The analysis of the CompleteJourney dataset provides a thorough understanding of customer purchasing patterns, highlighting essential insights that can guide data-driven decisions and improve targeted marketing strategies. By exploring demographic influences, buying trends, and the effectiveness of promotions, this report uncovers critical patterns that Regork can use to refine marketing approaches and promotional planning.

A major finding reveals significant opportunities for targeted marketing. Demographic insights pinpoint customer segments with higher engagement, indicating that directed marketing efforts toward these groups could enhance conversion rates and maximize returns on investment. For example, higher-income households tend to favor premium products, while younger demographics are more responsive to promotions on essentials. By aligning promotions with the specific preferences and values of each segment, Regork can ensure a more impactful and relevant marketing strategy.

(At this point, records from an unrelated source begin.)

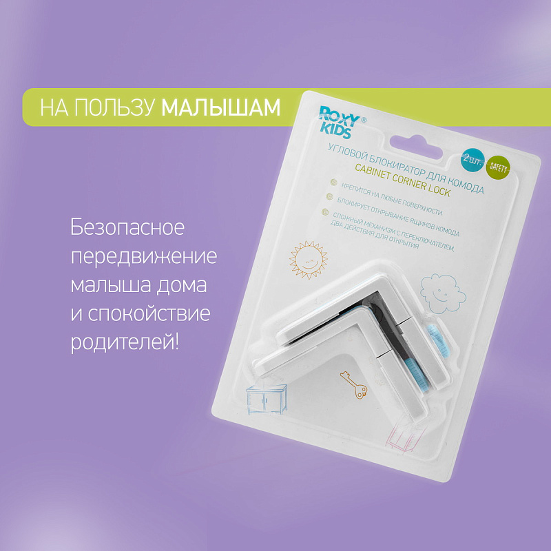Многофунциональный угловой блокиратор для выдвижных ящиков и шкафов ROXY-KIDS обезопасит малыша от прищемления пальчиков ящиками комода. Он не позволит ребенку проникнуть в «запрещенные» места, где лежит косметика, бытовая химия, лекарства и т.д. Легко крепится на любые типы поверхностей при помощи двухстороннего скотча. Имеет неброский дизайн, поэтому не привлечет дополнительного внимания ребенка.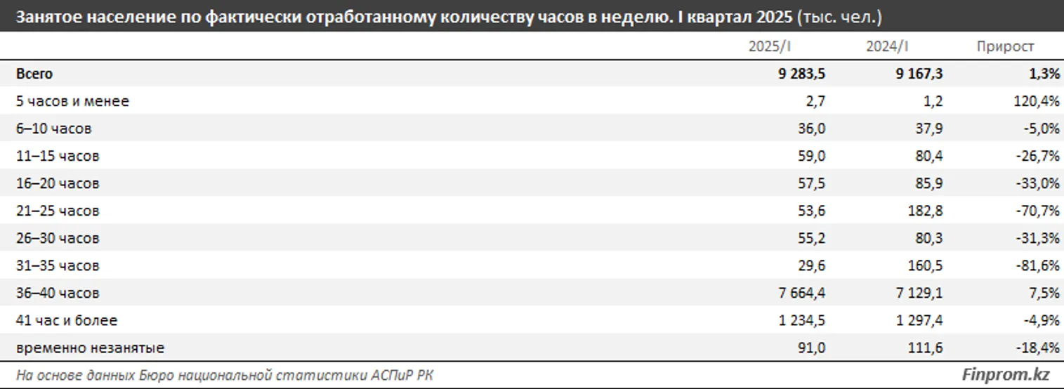 Большинство граждан трудятся в стандартном режиме — по 36–40 часов в неделю. Таких насчитывается 7,7 млн человек, что на 7,5% больше, чем годом ранее. При этом численность тех, кто перерабатывает установленную норму, наоборот, снизилась на 4,9% — до 1,2 млн человек.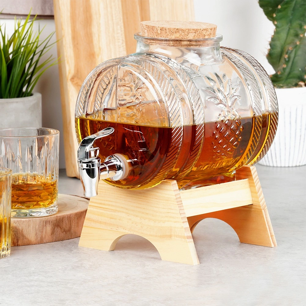 Eleganten stekleni dozirnik pijač s prostornino 3 l in stojalom je idealen za serviranje limonad, sokov ali ledenega čaja. Ima obliko soda z ananasovim reliefom, praktično pipico za enostavno točenje, širok vrat za udobno polnjenje in čiščenje ter naravni plutovinasti pokrov, ki pijačo ščiti pred nečistočami in insekti. Stabilno bambusovo stojalo dvigne posodo na idealno višino za udobno uporabo.
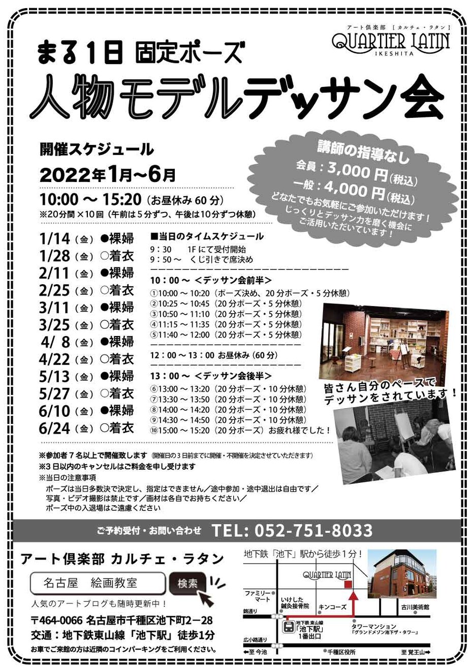 平素よりアート倶楽部カルチェ・ラタンのデッサン会企画「まる一日固定ポーズのデッサン会」をご愛顧下さいまして誠にありがとうございます。
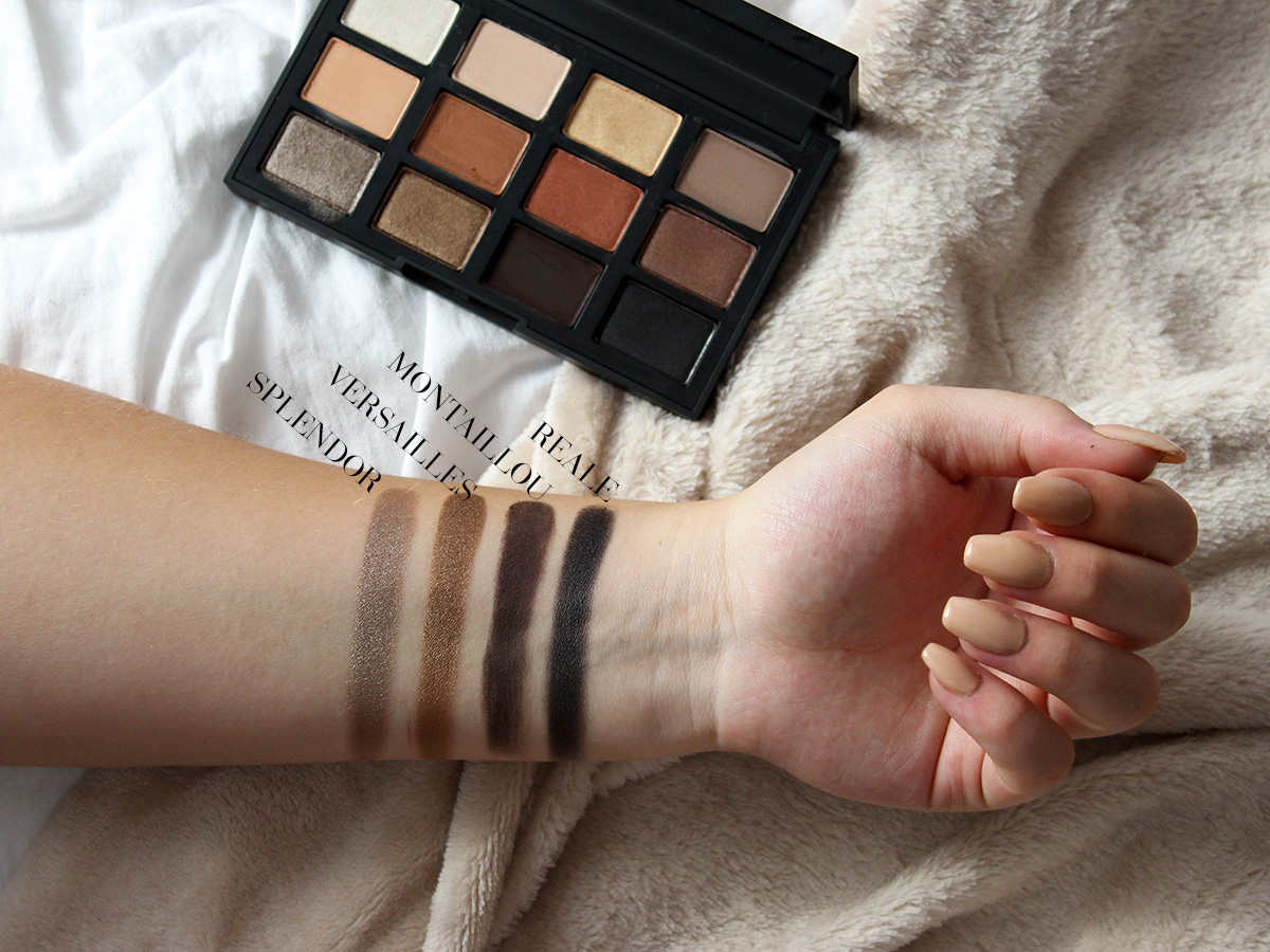 Celková pigmentace paletky je skvělá a to jak při swatchích prsty, tak při aplikaci štětcem na oko. Jedinou výtku bych měla k několika metalickým stínům, které pro plnou wow intenzitu chtějí nabrat navlhčeným štětcem. Také jsem si všimla, že zrovna navlhčení nedělá stínům Nars žádný problém a jejich textura je ještě lepší, což oceníte, pokud chcete vysokou intenzitu pigmentace a zároveň si nechcete zničit samotné stíny v paletce. Konkrétně bych za suchého stavu ocenila větší výraznost na očích u odstínů Beaumaris (prostřední řada, čtvrtý stín) a Versailles (spodní řada, druhý stín). Přijde mi, že zrovna tyhle dva stíny jsou na oku usedlejší, než je vidím v paletce. Navlhčení štětce ale samozřejmě pomůže. Ostatní metalické/lesklé stíny se přenášejí na víčko dobře a to co vidíte v paletce dostanete i na víčko a obzvlášť krásný je jediný, relativně nejstudenější stín Splendor (spodní řada, první stín).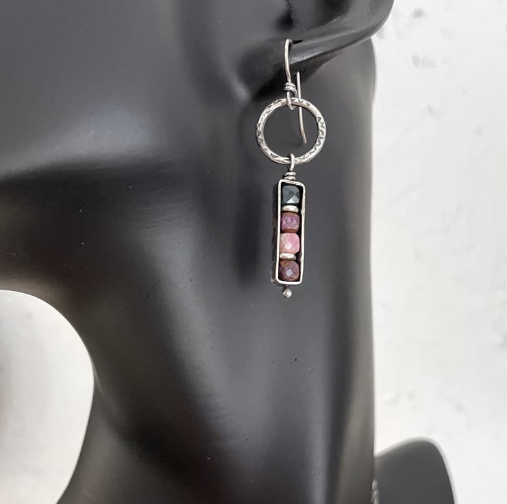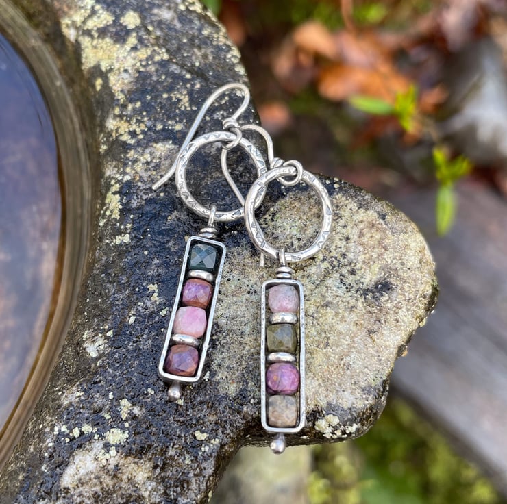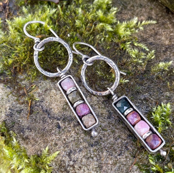 The silver has been textured with hammers and punches, and has been oxidised to give a weathered, aged look. The beads I’ve chosen are faceted cubes in dusky, earthy pink and olive green shades. There are 4 gemstone and 2 silver beads to each frame.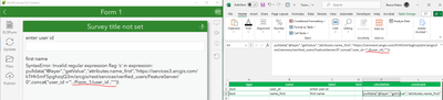 I have a field titled "user_id", which is manually entered by the user. If there is a match I would like to use this entry to pull attribute data from a hosted table (see rest endpoint below) to auto populate the second field with the data in the "name_first" field on my survey. My current code does not return anything. Please advise: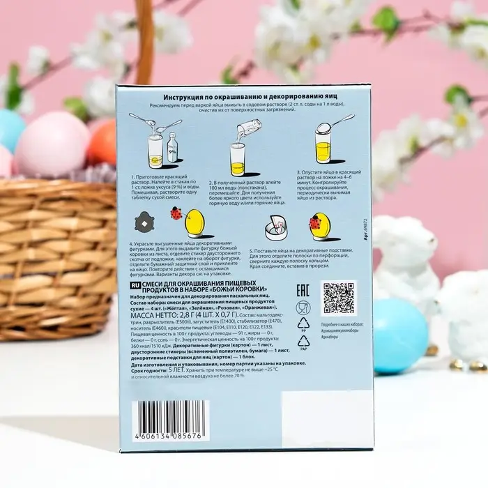 Входящие в набор красители и декоративные материалы позволят легко и просто оформить пасхальные яйца, а картонные заготовки - собрать оригинальные подставки для яиц.
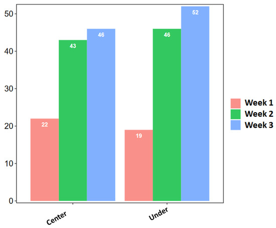 Looking at the different sites and weeks of sampling (Figure 3), the site BJD (C) showed the highest fungal diversity during the first week (8 strains), yielding 19.5% of the total collected strains from the analyzed bridges. In week 2, the highest number of strains (15) was isolated from the site NMWA (C), accounting for 16.9% of the total recorded fungi. During week 3, BJD (U) yielded the highest number of fungal strains (18), representing 18.4% of the total strains collected. Overall, the third week of sampling showed the highest fungal presence, yielding a total number of 98 strains, 46 strains collected at the center of the analyzed bridges and 52 collected under the bridges, followed by the second week with 89 strains. The first week showed the lowest presence of fungi (41 strains), with 22 and 19 strains collected at the center of and under the bridges, respectively (Figure 4).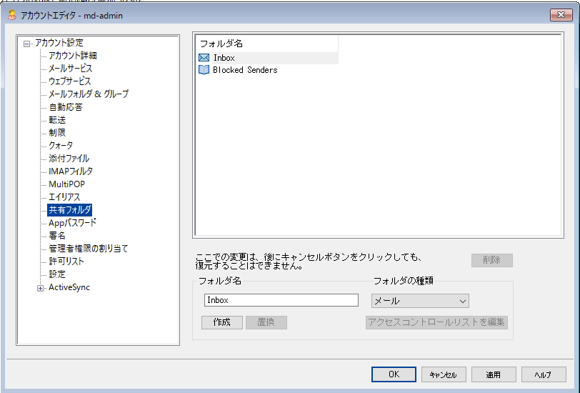 表示されているリストからIMAP共有フォルダを削除するには、目的のフォルダを選択し、削除ボタンをクリックしてください。

The analysis also underlines the strategic value of seasonal campaigns. Sales data shows defined spikes in purchasing around key times of the year, such as holidays, back-to-school, and year-end periods, which provide ideal opportunities for launching themed campaigns, time-sensitive discounts, and exclusive product lines that align with seasonal demand. Coordinated campaigns during these high-demand periods can significantly improve customer engagement and foster brand loyalty.

Additionally, cross-promotion opportunities are identified as a valuable tactic based on co-purchase patterns. Frequently paired items, like snacks and beverages or household essentials, offer natural bundling options. By grouping these complementary products in promotions, Regork can increase basket sizes and encourage additional purchases, driving overall sales growth. Cross-promotions also enhance the shopping experience by helping customers discover related products, thus strengthening brand perception.

In summary, this analysis highlights key areas for Regork to enhance customer engagement and drive revenue growth through informed marketing strategies. Focusing on high-engagement demographics, leveraging seasonal purchase patterns, and utilizing cross-promotional opportunities allows Regork to build a more tailored and effective approach that meets consumer needs while achieving business objectives.